In its 74-page decision, the court found that law enforcement had acted in good faith when it obtained the warrant for the teen’s search history. Still, it stressed that the findings were specific to the facts of the case, and it refrained from weighing in about the use of Google’s search data more broadly.
“Our finding of good faith today neither condones nor condemns all such warrants in the future,” the court wrote. “If dystopian problems emerge, as some fear, the courts stand ready to hear argument regarding how we should rein in law enforcement’s use of rapidly advancing technology.”
The case divided the court. In a fiery dissent, Justice Monica Márquez wrote that the ruling “gives constitutional cover to law enforcement seeking unprecedented access to the private lives of individuals not just in Colorado, but across the globe.”
“After today’s decision, I anticipate that reverse-keyword warrants will swiftly become the investigative tool of first resort,” she wrote in a dissent that was joined by Justice Carlos Samour. “Because, why not? It’s a tantalizingly easy shortcut to generating a list of potential suspects.”
The Denver District Attorney’s office said it was “very pleased” with the ruling and would move forward with its cases.
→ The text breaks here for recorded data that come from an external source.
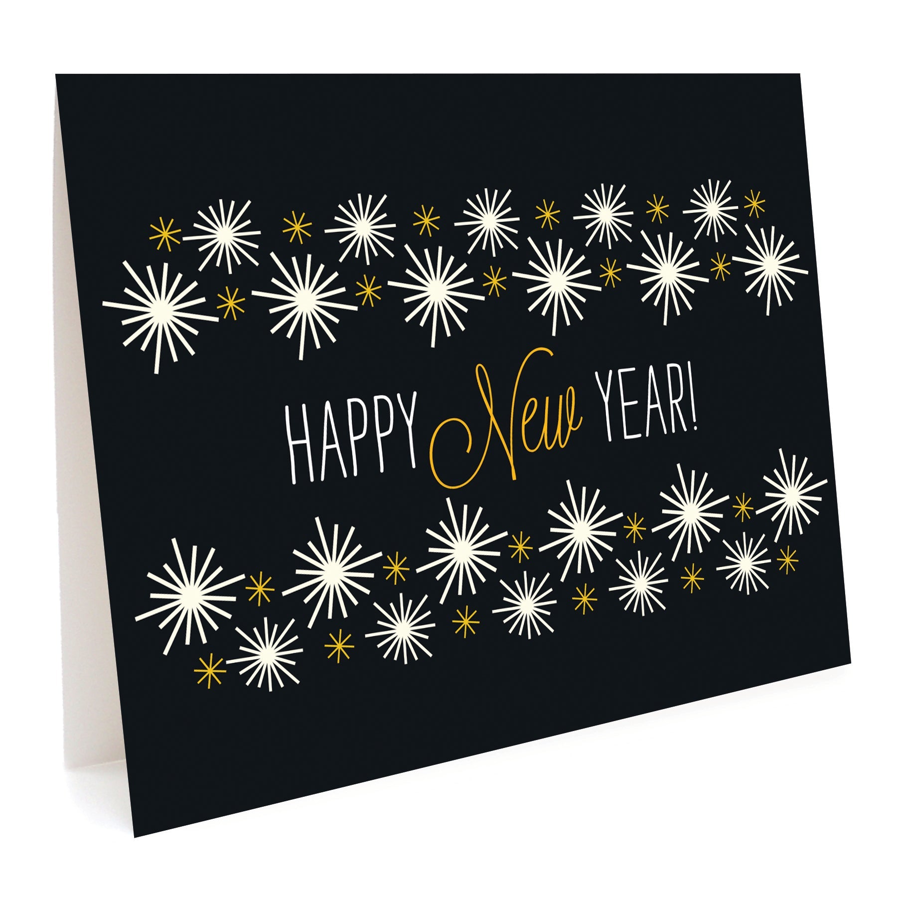 Available as a single card or a boxed set of 10, each folded Happy New Year card features a striking black background with festive gold and white starbursts to celebrate the season in style. Blank inside, these versatile cards are perfect for sending New Year wishes, thank you notes or personal greetings to family, friends or colleagues. Printed on eco-friendly paper and ready for your heartfelt message, this elegant and modern card is a memorable way to welcome the new year.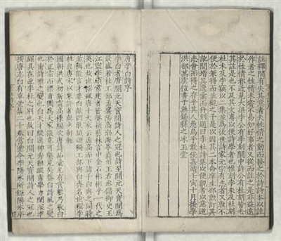 | 《唐李杜诗集》十六卷 (入选《国家珍贵古籍名录》,编号:06455) 明嘉靖二十一年(1542)万虞恺刻本 明代邵勋编纂的李白、杜甫诗歌总集,成书于嘉靖二十一年(1542),经万虞恺命邵勋校订增补后合并刊行。全书共收录李白、杜甫诗作各八卷,合计十六卷。明代弘治以来,出现了以“前后七子”为代表的文学复古运动,其主张“文必秦汉,诗必盛唐”,李、杜二人被奉为宗匠,至嘉靖、万历年间,大量李白、杜甫的诗歌选集出版。 万虞恺在《刻李杜诗集序》中云:“唐诗名家以十数称,大家则惟李、杜齐名,冠绝一代。”全书采用分体分类的编排方式,虽分类标准存在争议,但便于读者对照研习,反映了当时士子学诗的习尚。 |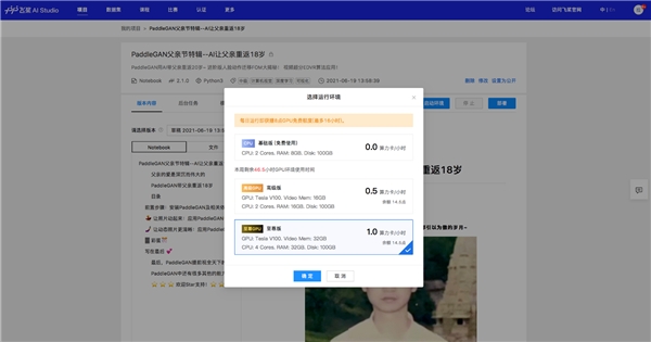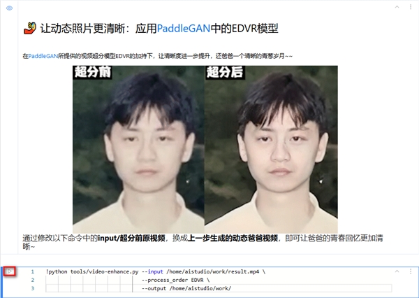 正在AI Studio的项目大厅曲达一圈能够发觉,不消输入复杂代码,接下来还能使用PaddleGAN中的EDVR算法,进入第一个【PaddleGAN父亲节特辑--AI让父亲沉返18岁】项目中。将弹出“CPU”“高级GPU”和“GPU”三种运转供选择。从家人群到逃星圈都玩疯了的“蚂蚁呀嘿”视频,定名为【驱动视频1】(mp4或者mov格局皆可)。三步便能实现。PaddleGAN还无数十种能力,获超万万网友热议;这么风趣的手艺标的目的,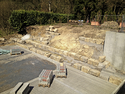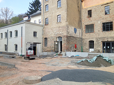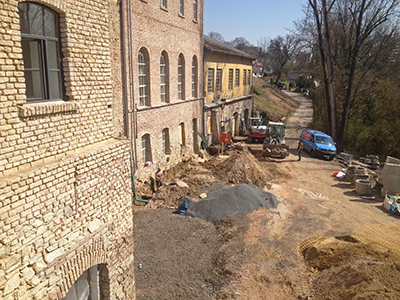 09.04.2020 Arbeiten an den Außenanlagen auf der Südseite vor dem Getreidelager und dem Brauhaus. |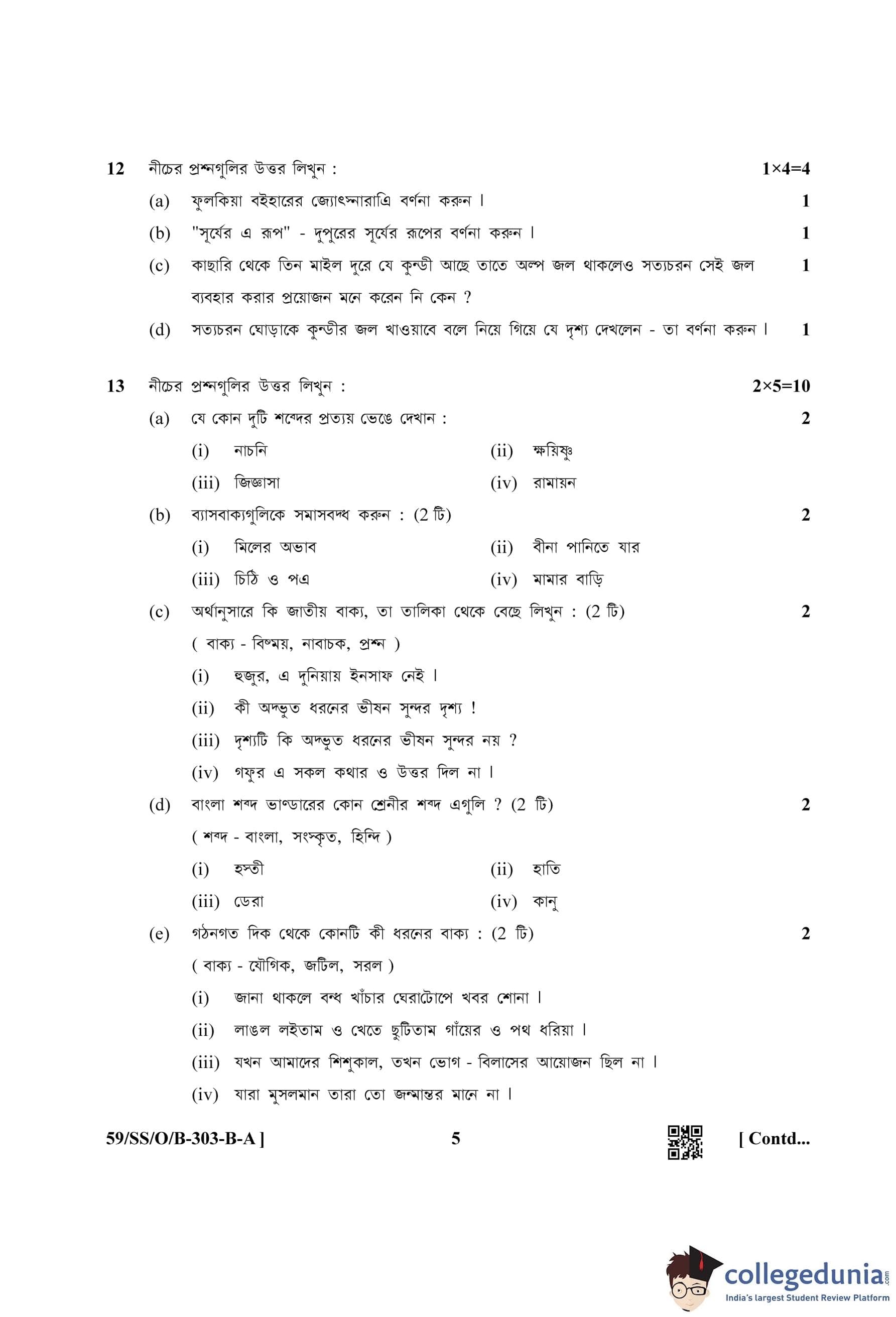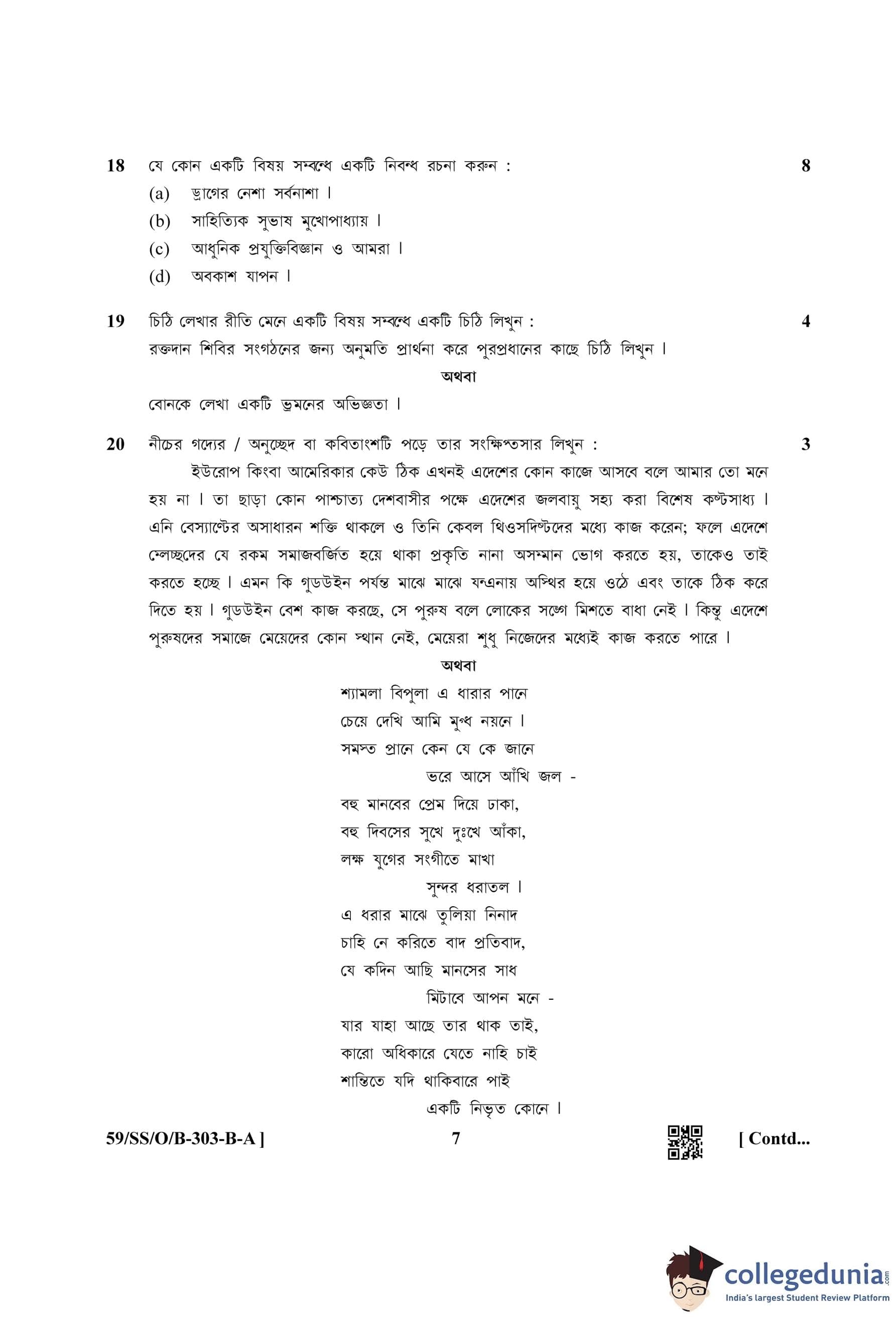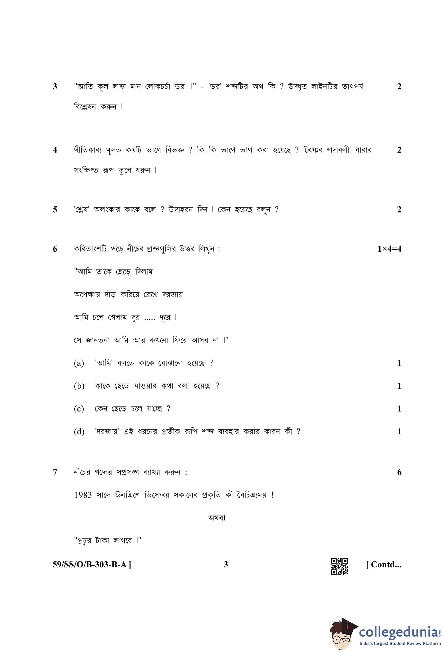NIOS Class 12 Bengali Compartment Question Paper 2019 with Answer Key

Google said that it was “important” that the court recognized the “significant privacy and First Amendment interests implicated by keyword searches,” and noted that it has “a rigorous process designed to protect the privacy of our users while supporting the important work of law enforcement.”
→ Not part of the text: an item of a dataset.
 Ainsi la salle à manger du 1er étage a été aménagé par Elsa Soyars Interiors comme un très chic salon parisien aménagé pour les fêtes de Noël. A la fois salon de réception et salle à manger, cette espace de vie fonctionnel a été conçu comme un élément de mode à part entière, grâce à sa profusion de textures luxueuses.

A representative for Seymour didn’t respond to a request for comment.
The keyword search warrant “is profoundly different from traditional search warrants seeking data belonging to a suspect,” the defense argued in a court filing. “Instead, the process operates in reverse — search everyone first, and identify suspects later.”
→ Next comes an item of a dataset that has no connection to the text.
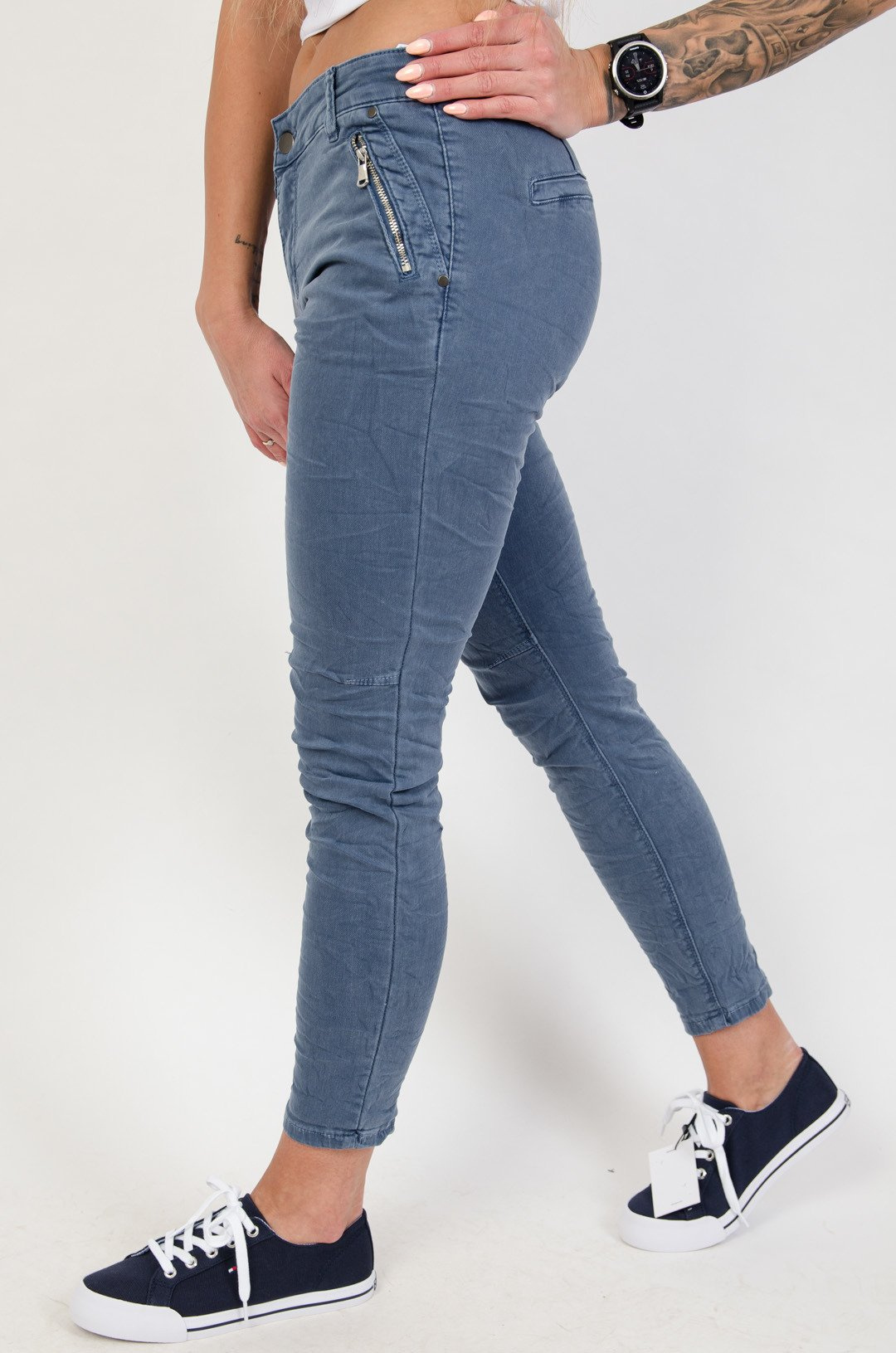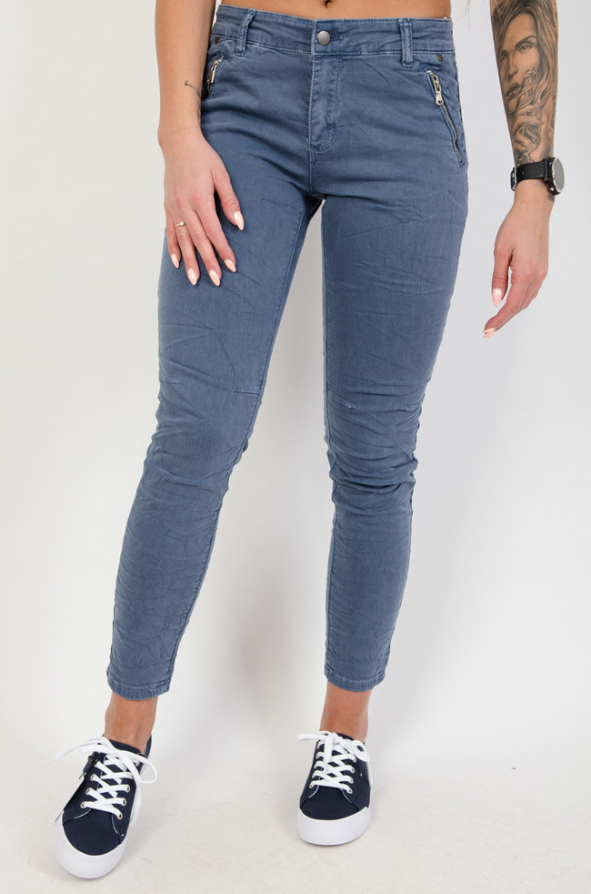 Granatowe spodnie joggery z zamkami przy kieszeniach.

In the ruling, the judges grappled with the inherently sensitive nature of people’s Google search histories, which serve as a portal into some of their most private thoughts and quandaries. The judges noted that there are plenty of “innocuous reasons” why people search for addresses. Yet they found the warrant to be sufficiently “particularized,” or tailored to the case at hand, and determined that law enforcement took reasonable steps in using a cutting-edge technique.
There are few known examples of keyword search warrants, but the practice has come under scrutiny in the wake of the US Supreme Court’s decision to overturn the right to abortion. Privacy advocates have warned that keyword search warrants and geofence warrants, in which police ask Google to produce data about users whose devices were present near the scene of a crime, could be used to prosecute women who obtain abortions in states where it’s illegal.
Márquez fretted about that very possibility in her dissent.
“If any address corresponding to the location of a crime is sufficiently ‘narrow’ to meet constitutional muster, one can imagine any number of keywords that would satisfy this standard,” she wrote. “What about a search for the IP addresses of all Google users who searched for ‘mifepristone’ or ‘gender-affirming care’ or ‘Proud Boys’ or ‘AR-15?’ Each of these search queries could be potential evidence of criminal activity under some states’ laws, depending on the circumstances.”
A Bloomberg Businessweek investigation found police across the US were increasingly using warrants to obtain location and search data from Google, even for nonviolent cases — and even for people who had nothing to do with the crime.
Since geofence warrants began coming under judicial scrutiny, some police departments have been more cautious in seeking the orders. Keyword search warrants may follow a similar arc, according to Andrew Crocker, the surveillance litigation director for the nonprofit Electronic Frontier Foundation.
“I do think that courts will chip away at them and will narrow them, and that law enforcement will have to get more conservative in how they use them,” Crocker said.
Nevertheless, Jake Laperruque, deputy director of the security and surveillance project at the Center for Democracy & Technology, a think tank, said it was “frustrating” to see the court pass up an opportunity to give more decisive guidance on the practice to police, legislators and the public.
In the absence of clear rules, he said, “that ambiguity always ends up leaning in the government’s favor.”